Since Republican Henry Cabot Lodge was defeated by a young, upstart politician named John F. Kennedy in November of 1952 and left office in January of '53, at least one of Massachusetts' two U.S. Senators has been a Democrat. Two years after JFK was elected to the Presidency in 1960, his brother Ted Kennedy assumed the seat and owned it until his death last year.

The other Massachusetts Senatorial spot was won by Paul Tsongas for the Democrats in 1979. He was succeeded in 1985 by ultra-liberal John Kerry, and so the Democrats have had solid control of both U.S. Senatorial seats from Massachusetts for a generation. In what has to be a stunning, bitter, ironic defeat for the Dems, the seat virtually owned by the Kennedy's and controlled by liberal interests for over a half century was lost yesterday.

In the special election held yesterday to replace the deceased 'Lion of the Senate', 50-year old Scott Brown was chosen by the previously reliable voters of Massachusetts to become the first Republican U.S. Senator to represent the commonwealth in three decades.

It is that very idea of previously 'reliable' voters rising up and throwing out the candidates presented by their political party, particularly the Democratic Party at this time, that leads to the notion that there is something more brewing here than simple dissatisfaction in local politics.

A year ago today, Barack Obama was sworn-in as the 44th President of the United States. The first minority to hold the office, Obama was elected after a campaign that promised to "fundamentally change America" in his very own words.

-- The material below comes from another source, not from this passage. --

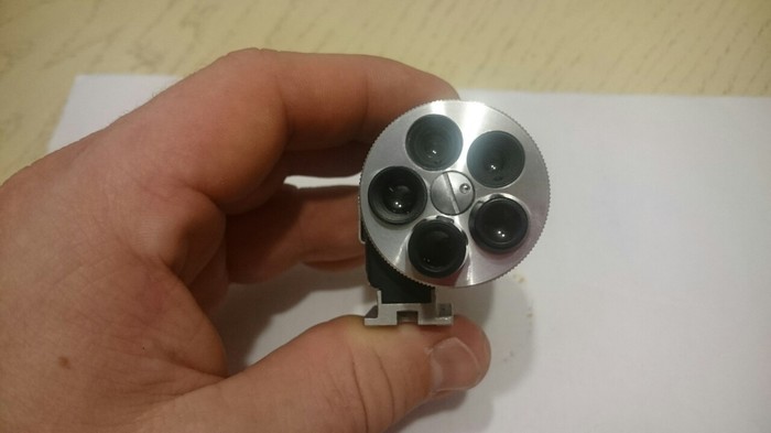 Фокусировка тут осуществляется не поворотом корпуса объектива, как на Смене, а таким вот рычажком. Мне он чем-то напомнил рычажки из салона некоторых моделей "Жигулей" :-)

It has become abundantly clear in the ensuing year that what Obama and his ultra-liberal congressional leaders, U.S. Congresswoman Nancy Pelosi from California and U.S. Senator Harry Reid from Nevada, consider 'Change' is very different from what the vast majority of those who elected him expected.

The majority of voters are generally 'centrists' who do not adhere to any political idealogy on a stringent basis in their daily lives. They may be generally conservative in nature, such as myself and most Republicans, or generally liberal, as most Democrats, but they begin to get very turned off when the far-end of either party begins to attempt to assert control over their lives.

The voters should have understood what Obama meant by his 'Change' because he was really no secret. By every measure he was the most far-left of the liberal Democratic U.S. Senators. His personal, educational, social, and political associations were all at least bordering on socialist and communist. He is certainly the single most politically progressive individual to ever hold the highest office in the land.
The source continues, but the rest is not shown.